The same walk on January 25 was a different picture with temperatures during daylight hours hovering around -2. The Holiday Park was closed for its winter break and everywhere was quiet. The ground was covered in snow with a fierce wind blowing, the temperatures together with the biting wind brought wildlife nearer the site centre looking for food. There were many visible tracks and prints in the snow of Birds, Rabbit, Deer and a Fox. Ground level Flora was covered by snow, the Gorse was still visible and a welcome contrast against the white.

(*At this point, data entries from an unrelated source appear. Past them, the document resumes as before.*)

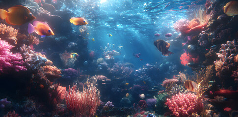 Underwater view of a vast coral reef with blue-hued, eco-friendly machinery designed to monitor and protect ocean life, surrounded by vibrant fish species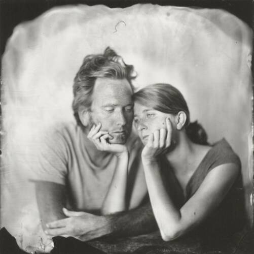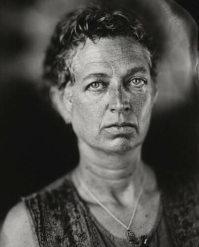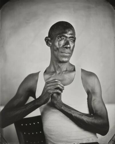 Anderson-Staley mixes and pours the emulsion for each plate on site shortly before a portrait is made. The process of hand-coating each piece leaves behind traces of the maker that are as beautifully and deeply embedded in the final image as the perceived identity of the subject.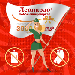 Торговая сеть «Леонардо» 15 апреля дарит своим покупателям скидку 15% на весь ассортимент: в хобби-гипермаркетах – при покупке от 1500 рублей, в интернет-магазине – от 3000 рублей. Скидка действует во всех магазинах!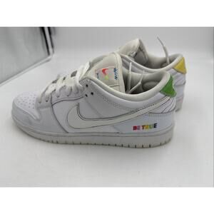 The product is a pair of Nike Dunk SB Low Be True sneakers in size 9.5, released in 2022. These athletic shoes feature a low top shoe shaft style with a white color and leather upper material. They belong to the Nike Dunk product line and are designed for men who appreciate style and comfort in their footwear. Perfect for sneaker enthusiasts looking for a unique and trendy addition to their collection.
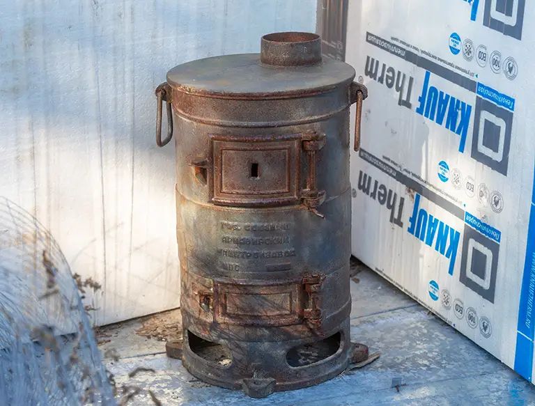 «Бонус» (в общей сложности 70 тыс. руб.) решено реализовать заменив скучный битумный шифер на модную и исключительно долговечную металлическую фальцевую кровлю и поставив в холле аутентичную военную буржуйку образца 1957 года (какой же загородный дом без печки?).

Wildlife no longer camouflaged was easy to spot; 
Roe Deer x 3 
Muntjac 
Sparrowhawk 
Grey Squirrels 
Robin 
Blackbirds 
Great tits 
Pigeons 
Pheasant 
Jay 
Moorhen 
Winter walks over the heath are very different to those in warmer weather, but none the less of interest. The tracks and trails in the snow are evidence of how much wildlife the heath and woodland supports and how careful management of those habitats are essential to maintain a natural escape for all to enjoy.